Published On: 8/12/2020

Duration: 2 minutes, 49 seconds

Transcript:

Researchers and patients disagree on lithium. Patients often complain of cognitive dulling on it, but research find that lithium has more neuroprotective effects than other mood stabilizers. It prevents dementia and increases hippocampal and amygdale volume and cortical thickness


This study is the largest longitudinal study of cognition in lithium to date. Katherine Burdick and colleagues started with 262 patients with bipolar I–64% were taking lithium. They made two key measurements, with the main limitation that neither were controlled:


First, they found no difference at baseline in cognitive testing for patients taking or not taking lithium. The ones who were not on lithium had more severe manic and depressive symptoms at the time of testing. This suggests lithium’s cognitive effects are not much different from other meds.
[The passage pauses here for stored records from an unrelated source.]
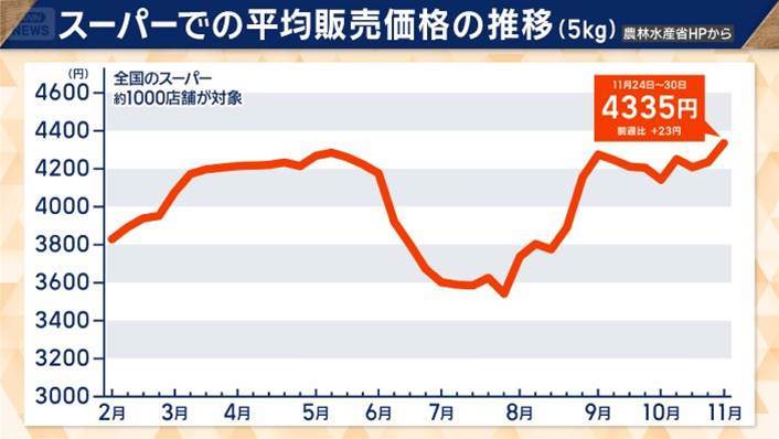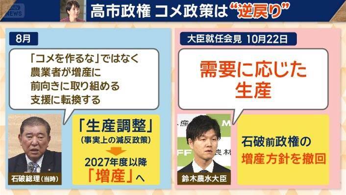 また、コメの平均販売価格が最高値を更新する一方で、価格暴落の懸念も出ています。高市政権が石破政権の増産方針を撤回し、需要に応じた生産に戻したことで、現場に混乱が生じており、農水省は来年の主食用米生産量を減らす方針です。この状況で、米政策の不安定さが指摘されています。
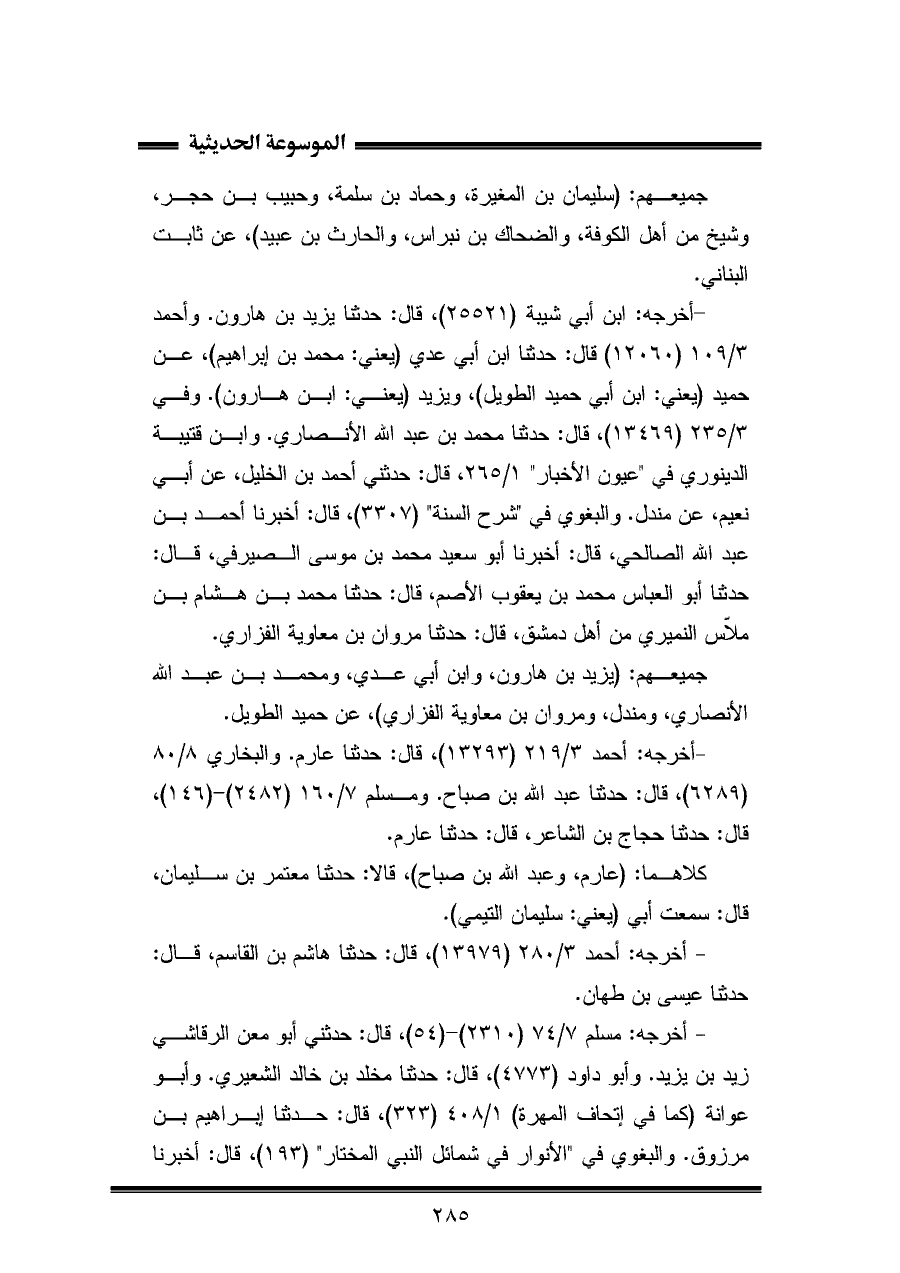 جميعهم: (سليمان بن المغيرة، وحماد بن سلمة، وحبيب بن حجر، وشيخ من أهل الكوفة، والضحاك بن نبراس، والحارث بن عبيد)، عن ثابت البناني.
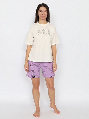 Футболка с коротким рукавом. Горловина круглая, обработана узким воротником из полотна с эластаном. Перед оформлен ярким принтом.
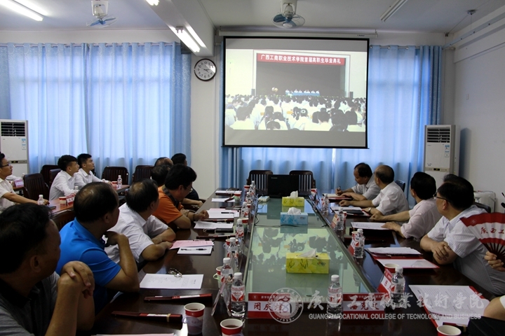 2015年6月26日下午,廣西工商職業(yè)技術(shù)學(xué)院“6.26”校慶座談會(huì)在校本部教學(xué)樓109會(huì)議室召開。原糧食局老領(lǐng)導(dǎo)梁雨祥、自治區(qū)糧食局副局長(zhǎng)林愈溪、原學(xué)院院長(zhǎng)陸炳堅(jiān)、原學(xué)院正處級(jí)調(diào)研員藍(lán)天、原黨委副書記、紀(jì)委書記付春生、原學(xué)院副院長(zhǎng)廖樹霖、原學(xué)院工會(huì)主席韋楊、原學(xué)院副處級(jí)調(diào)研員潘克文、原學(xué)院副處級(jí)調(diào)研員閉慶煊作為校友受邀出席本次座談會(huì)。學(xué)院黨委書記覃武云、學(xué)院院長(zhǎng)、黨委副書記陳杰、黨委副書記、紀(jì)委書記蒙啟成、學(xué)院副院長(zhǎng)李仕欽、學(xué)院副廳級(jí)調(diào)研員黃永蓬以及學(xué)院師生代表也參加了本次座談。座談會(huì)由覃武云書記主持。
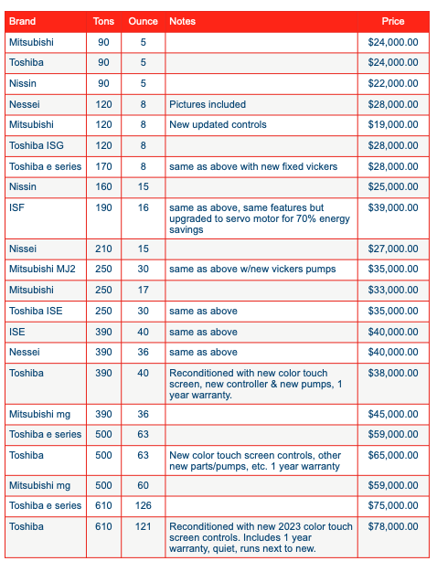We offer a wide range of both new and used injection molding machines for sale. Whether you are looking for a brand-new machine to expand your production capacity or a cost-effective used machine to meet your budget, we have the perfect solution for you. Our injection molding machines are of the highest quality and are sourced from trusted manufacturers. With advanced technology and precision engineering, these machines ensure efficient and reliable production processes. Our experienced team is always ready to assist you in selecting the right machine that suits your specific requirements. We provide comprehensive support from installation to after-sales service, ensuring smooth operation and maximum productivity. Don't miss out on the opportunity to enhance your manufacturing capabilities with our top-notch injection molding machines. Contact us today to explore our extensive range and discuss your needs.
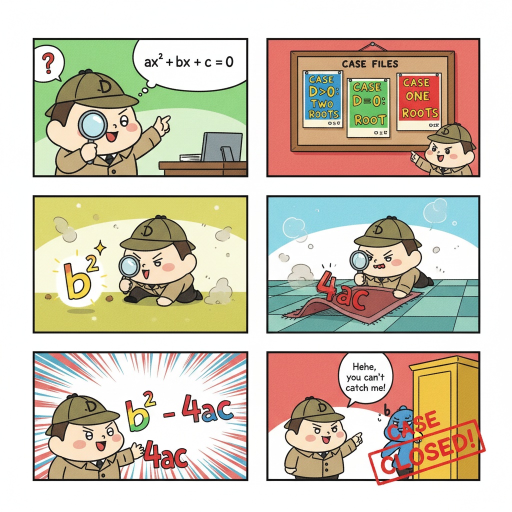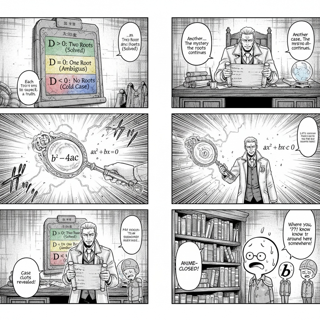 Комикс в жанре детектива. Главный герой — Следователь Дискриминант (символ D), который расследует дело о количестве корней уравнения. Каждое уравнение — подозреваемый. Вставь сцену: на стене висит таблица дел — “D>0 — два корня”, “D=0 — один корень”, “D<0 — корней нет”. Пусть Дискриминант ищет улики: b² - 4ac. Добавь юмор: переменная b прячется за шкафом/ Цветовая гамма – зеленая, красно-синяя, желтая
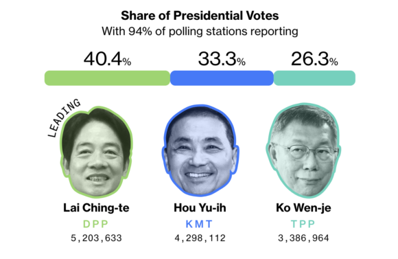 El actual vicepresidente de la isla se impone con un 40% a los aspirantes opositores del Kuomintang (KMT), Hou Yu-ih, que tiene un 33% de los votos, y del Partido Popular de Taiwán (PPT), Ko Wen-je, que cuenta con un 26%.
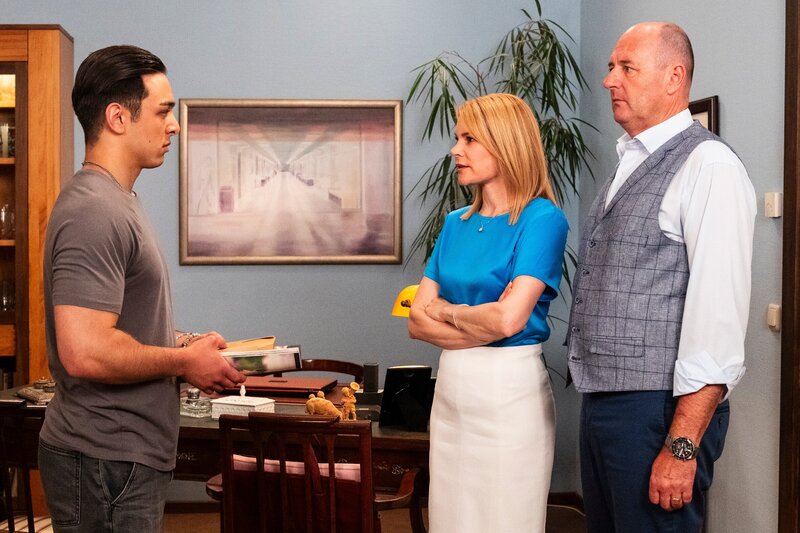 Uschi wirft Leon vor, dass er der schlechter Umgang für Franzi ist. Von links: Leon (Joel Akgün), Uschi (Silke Popp) und Hubert (Bernhard Ulrich).
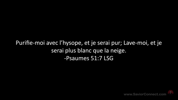 Purifie-moi avec l'hysope, et je serai pur; Lave-moi, et je serai plus blanc que la neige. -Psaumes 51:7 LSG
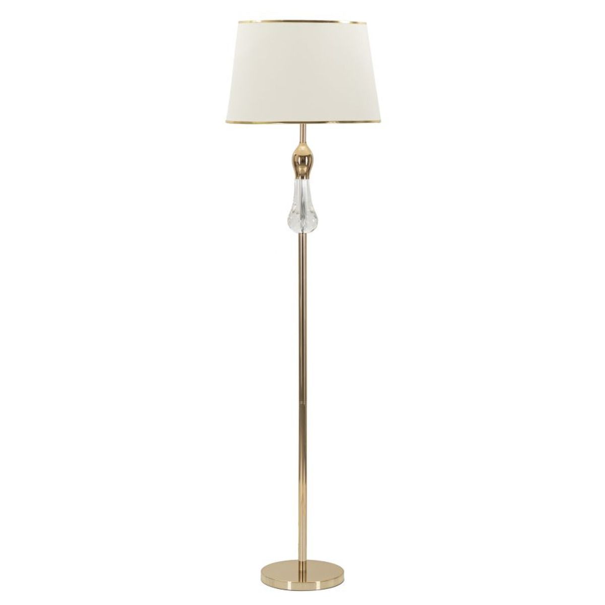 | Descrizione | Elegante piantana in metallo dorato con applicazioni trasparenti. Completa di paralume in tessuto beige con finiture dorate. |
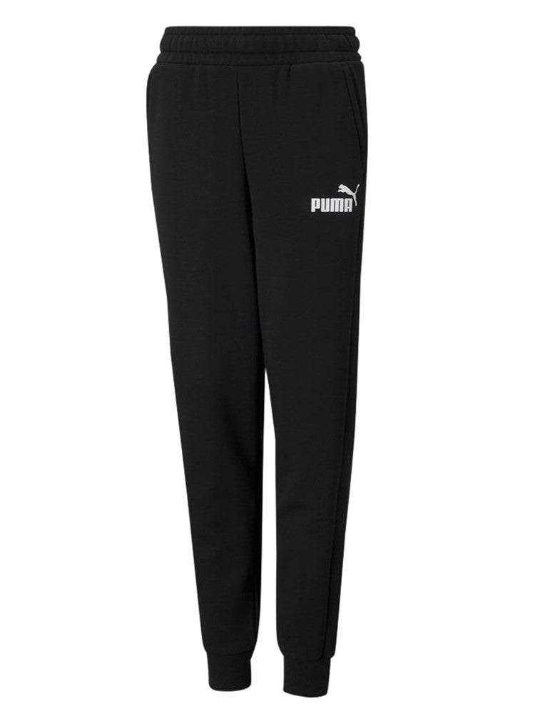 Pantaloni tuta Puma neri da bambino con logo, 58697, realizzati in 100% puro cotone. Questi pantaloni Puma neri hanno la banda elastica sul punto vita regolabile con laccetti, due tasche laterali aperte, il logo del brand sul lato sinistro a contrasto colore e i polsini elasticizzati a costine.
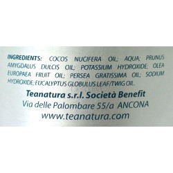 INCI: Cocos Nucifera OIl, Aqua, Prunus Amygdalus Dulcis Oil, Potassium Hydroxide, Olea Europaea Fruit Oil, Elaeis Guineensis Oil, Persea Gratissima Oil, Sodium Hydroxide, Eucalyptus Globulus Leaf Oil.
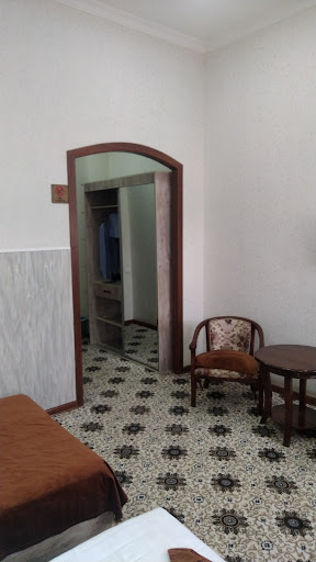 This hotel is located in the immediate vicinity of the Ulug Beg observatory, on the side of the very noisy highway to Tashkent/Termiz, when hundreds of trucks and cars run day and night, some 15 minutes away by taxi/ marshrutka from the city centre. The rrooms are simple, equipped with very hard beds, but absolutely clean as the modern bathroom. The very decent breakfast lets you forget a bit your disturbed night. It is freshly prepared. The staff is friendly but the hotel is clearly not dedicated to tourists, as might have thought our local travel agency (no comment on this). Prices are fair proviyou are paying the amount displayed in Sums and not the one in Dollars ( a factor two...
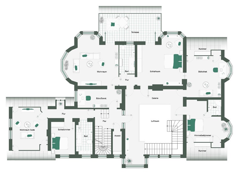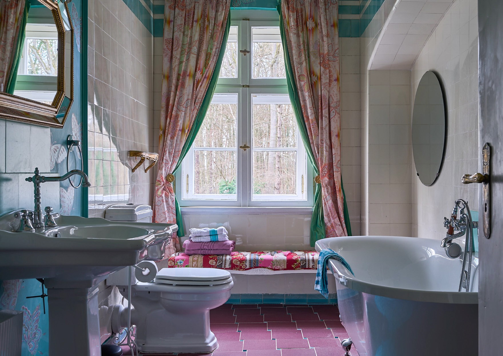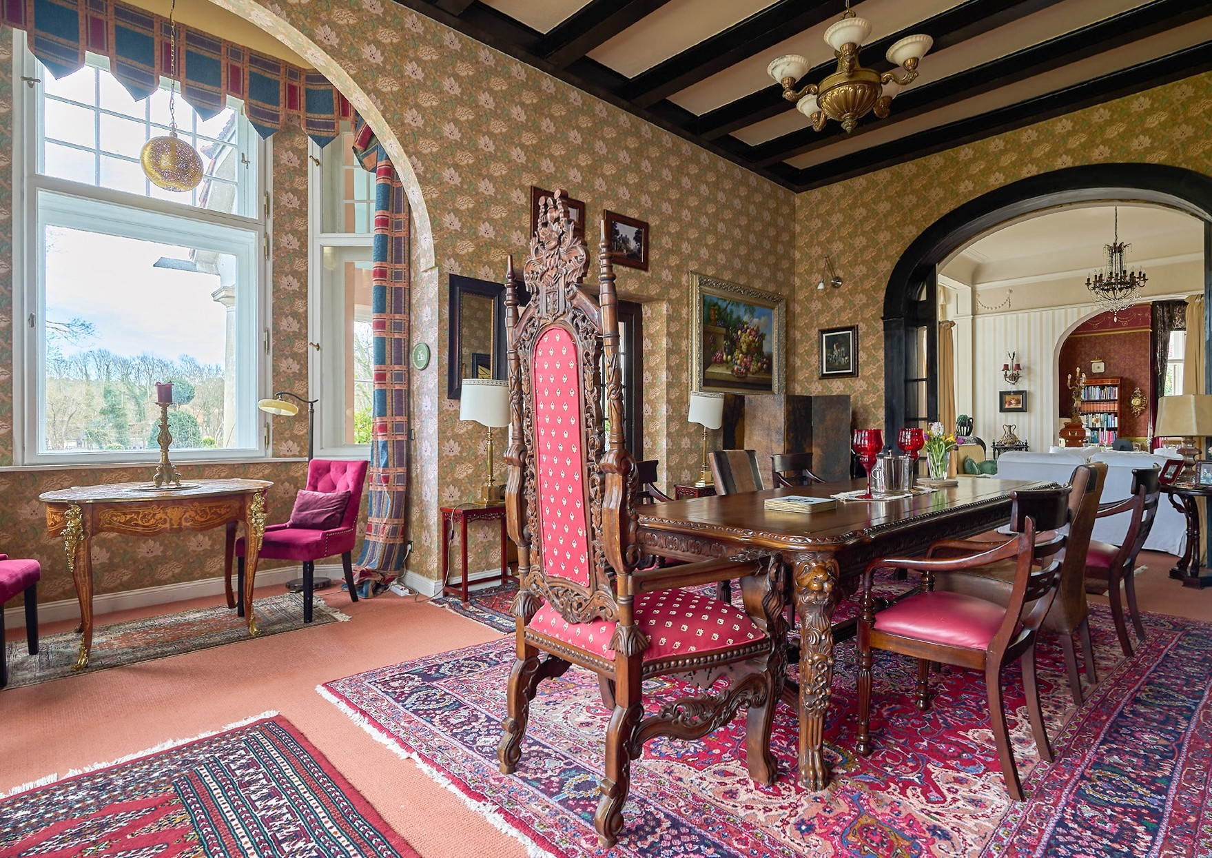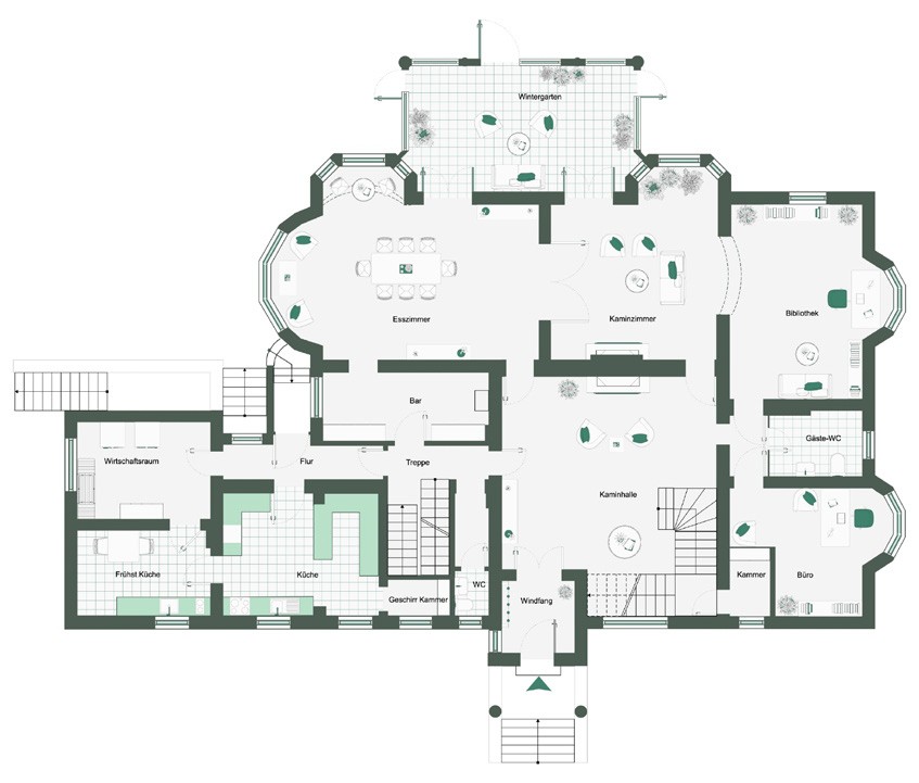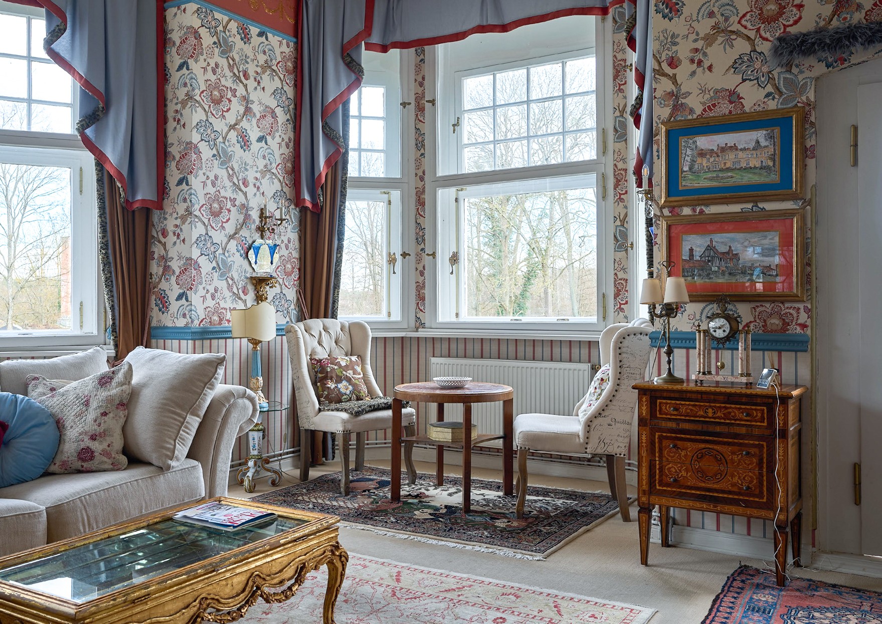 Le cœur de la maison est le hall d’entrée, avec une hauteur sous plafond d’environ 7,5 m et un escalier magistral. De nombreuses pièces conservent leurs éléments d’origine : cheminées, plafonds moulurés, boiseries et lambris raffinés. La bibliothèque, la salle à manger et le jardin d’hiver s’ouvrent sur le parc et le lac. L’ensemble conjugue authenticité historique et confort d’aujourd’hui.
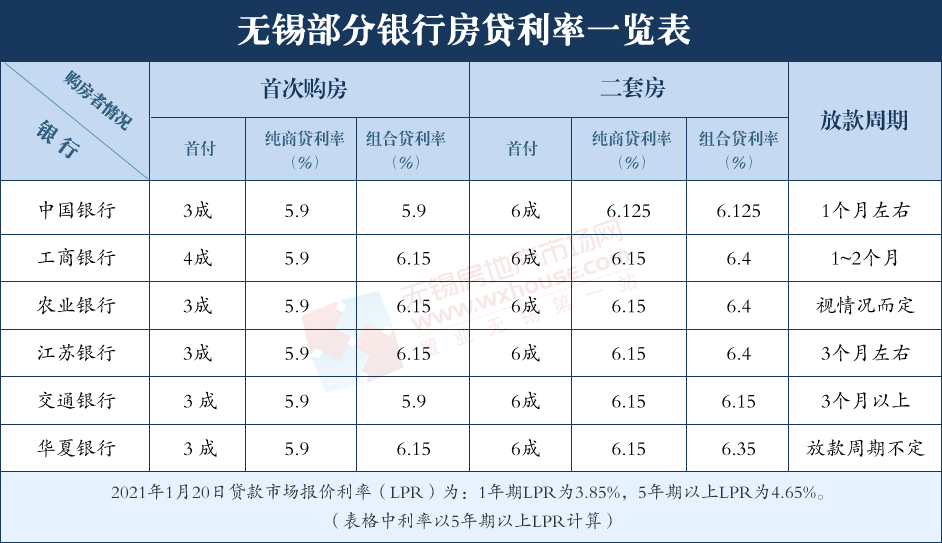 2021年首月LPR公布,小编及时致电无锡6家主流银行,跟进了无锡个贷的最新情况。

Second, they did longitudinal testing on the patients who responded well to lithium–and half of the ones on lithium did have good sustained stability on it. When these patients were followed up about 4 months later, a third had improved cognition and there was no evidence of impaired cognition.


These encouraging results are in contrast to uncontrolled studies show mild impairments on measures of processing speed, verbal learning, and creativity with long term lithium use. Today’s study didn’t look at creativity.  In studies of healthy subjects lithium doesn’t seem to impair cognition. The researchers attributed part of the cognitive success they observed to the relatively low levels of lithium they used – around 0.6 – which is within the 0.6-0.8 range recommended for maintenance therapy.


I’m only aware of one controlled study of cognition on lithium – this was a 2016 trial by Michael Berk’s group that randomized patients to lithium or quetiapine for mania, and at follow up one year later the lithium patients had better verbal fluency.


The bottom line: Lithium likely has cognitive benefits, but patients may feel slowed down, dull, or uncreative on it. Stick to the lower dose range  0.6-0.8 for maintenance.